Your task is to reproduce exactly the lines from the one containing "COOKSS婴儿辅食工具套装切菜板砧板刀具宝宝案板辅食料理工具五件套收纳" through the last line below, both ends included, and nothing else, with no pictures.

Top of Input data

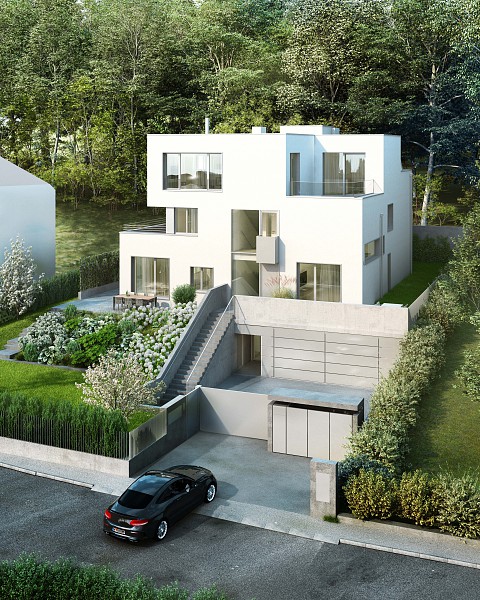 VILLA MoTo ist eine moderne Interpretation des Typus der eleganten Mietvillen in Wiens schönen Grünbezirken, für die hohe Wertigkeit der Ausführung in jeder Hinsicht typisch ist. Neben der Architektur und künstlerischen Interventionen bestimmen daher innovative technische Lösungen das Projekt, das mit Erdwärmenutzung, Photovoltaik, Bauteilaktivierung und wertvoller Ausstattung ein weitgehend energieautarkes und CO²-neutrales Konzept verfolgt. Mit 3 Wohnungen unterschiedlicher Größe, von denen eine auch als Künstlerinnenatelier dient, weist VILLA MoTo einen interessanten Nutzungsmix mit ungewöhnlichen Grundrissen auf. Der prägnanten Lage am Wienerwald angrenzend an die Tiergartenmauer entspricht auch die markante Architektur und das Grünraumkonzept des Hauses.
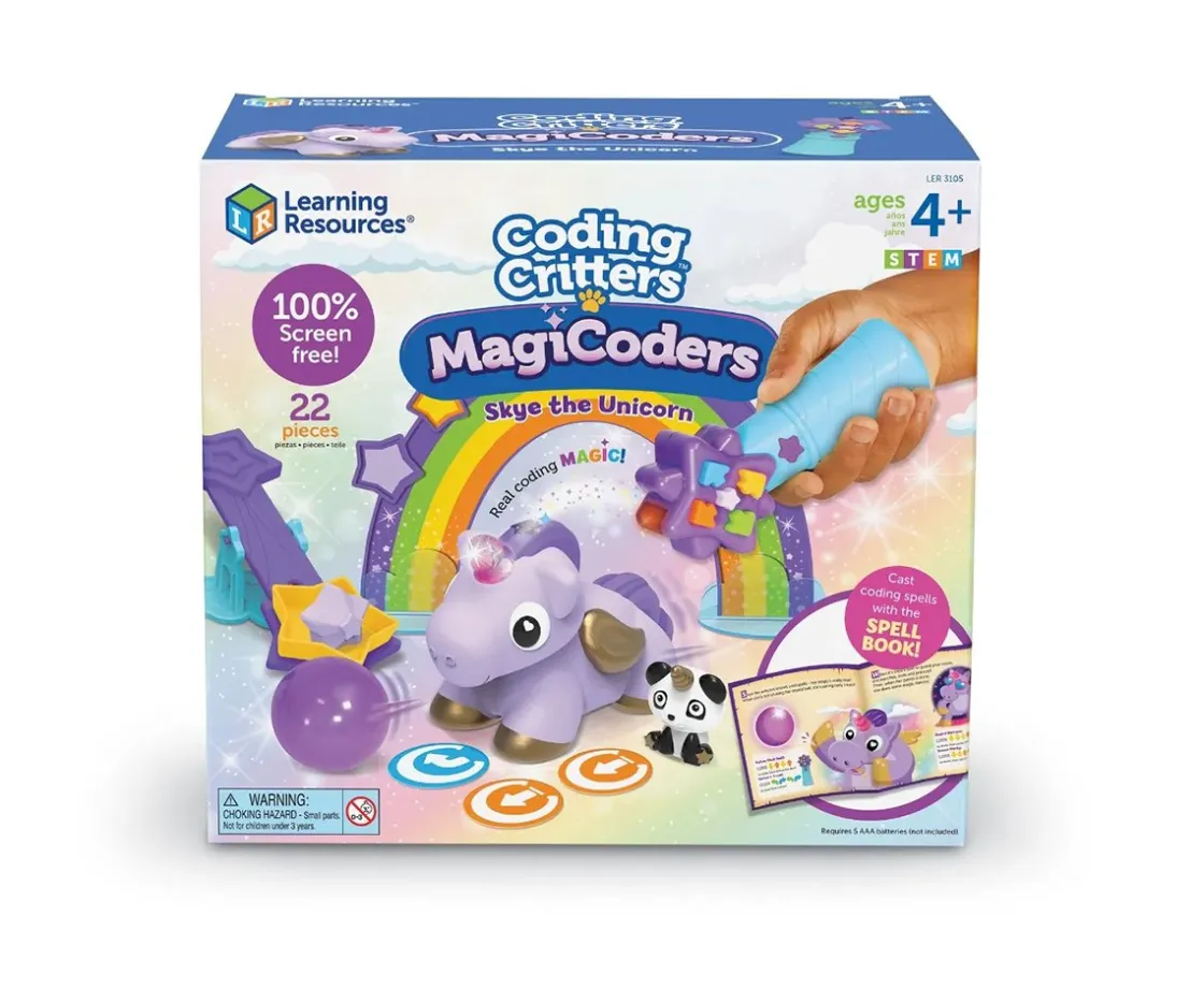 Los peques podrán codificar sus movimientos y emociones mientras se divierten. Skye se desplaza, busca su bola, cambia el color de su cuerno según su estado de ánimo y responde a hechizos lanzados con su varita mágica. Incluye un libro de hechizos con desafíos interactivos y un set de 22 piezas para crear aventuras mágicas y desarrollar habilidades de programación de forma divertida.
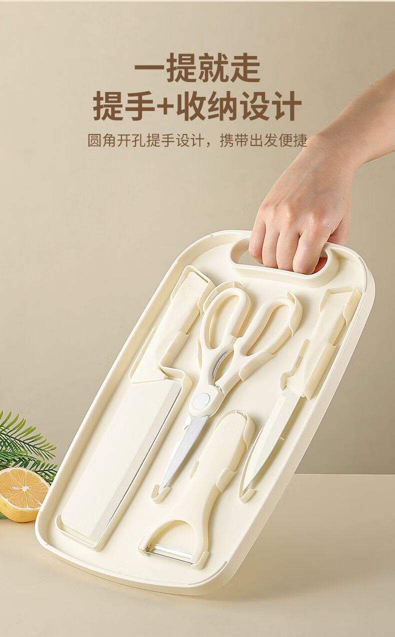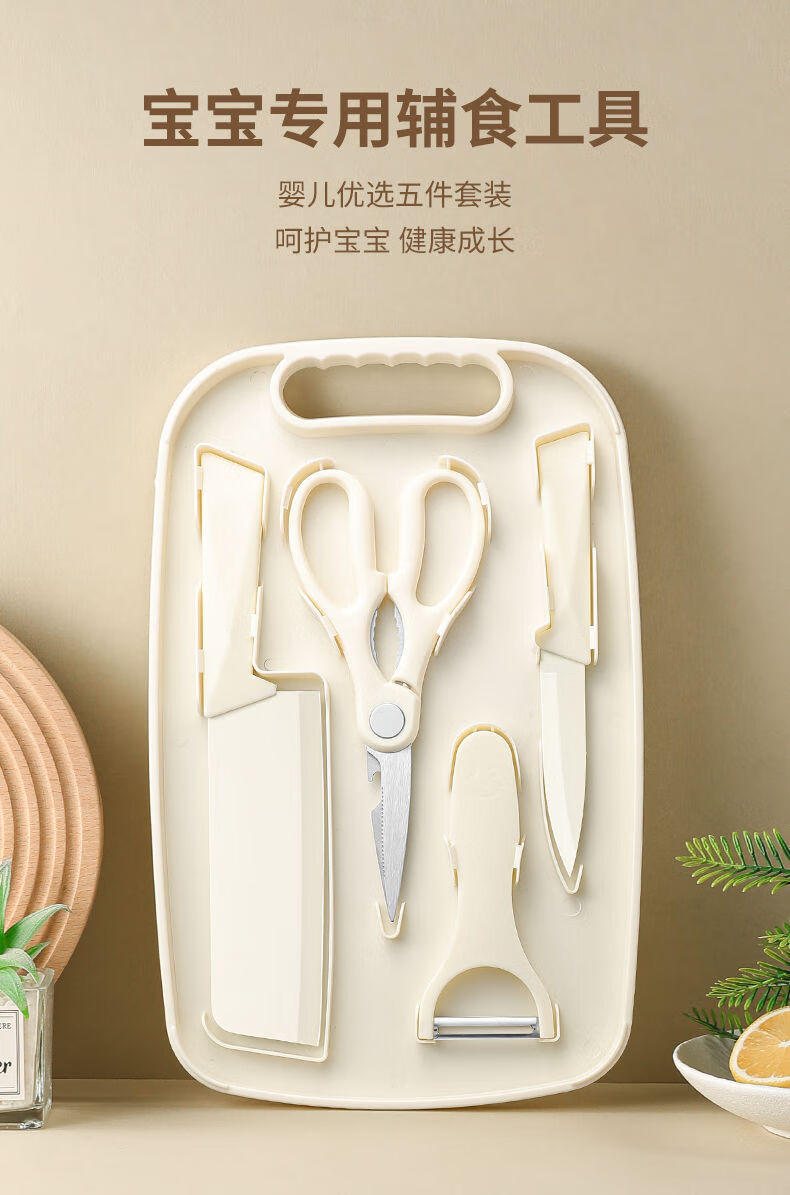 COOKSS婴儿辅食工具套装切菜板砧板刀具宝宝案板辅食料理工具五件套收纳
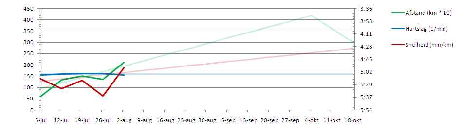 De duurloop van vandaag heb ik weer verwerkt in mijn zaterdag-duurloop-grafiek, zie hieronder. Een grote sprong vooruit, het geeft beter aan waar ik nu sta dan de loop van vorige week. Wat minder goed opvalt in de grafiek is dat ik, zoals hierboven ook al stond, met een behoorlijk lage hartslag heb gelopen.

Bottom of Input data

Exercise response:
 COOKSS婴儿辅食工具套装切菜板砧板刀具宝宝案板辅食料理工具五件套收纳
 De duurloop van vandaag heb ik weer verwerkt in mijn zaterdag-duurloop-grafiek, zie hieronder. Een grote sprong vooruit, het geeft beter aan waar ik nu sta dan de loop van vorige week. Wat minder goed opvalt in de grafiek is dat ik, zoals hierboven ook al stond, met een behoorlijk lage hartslag heb gelopen.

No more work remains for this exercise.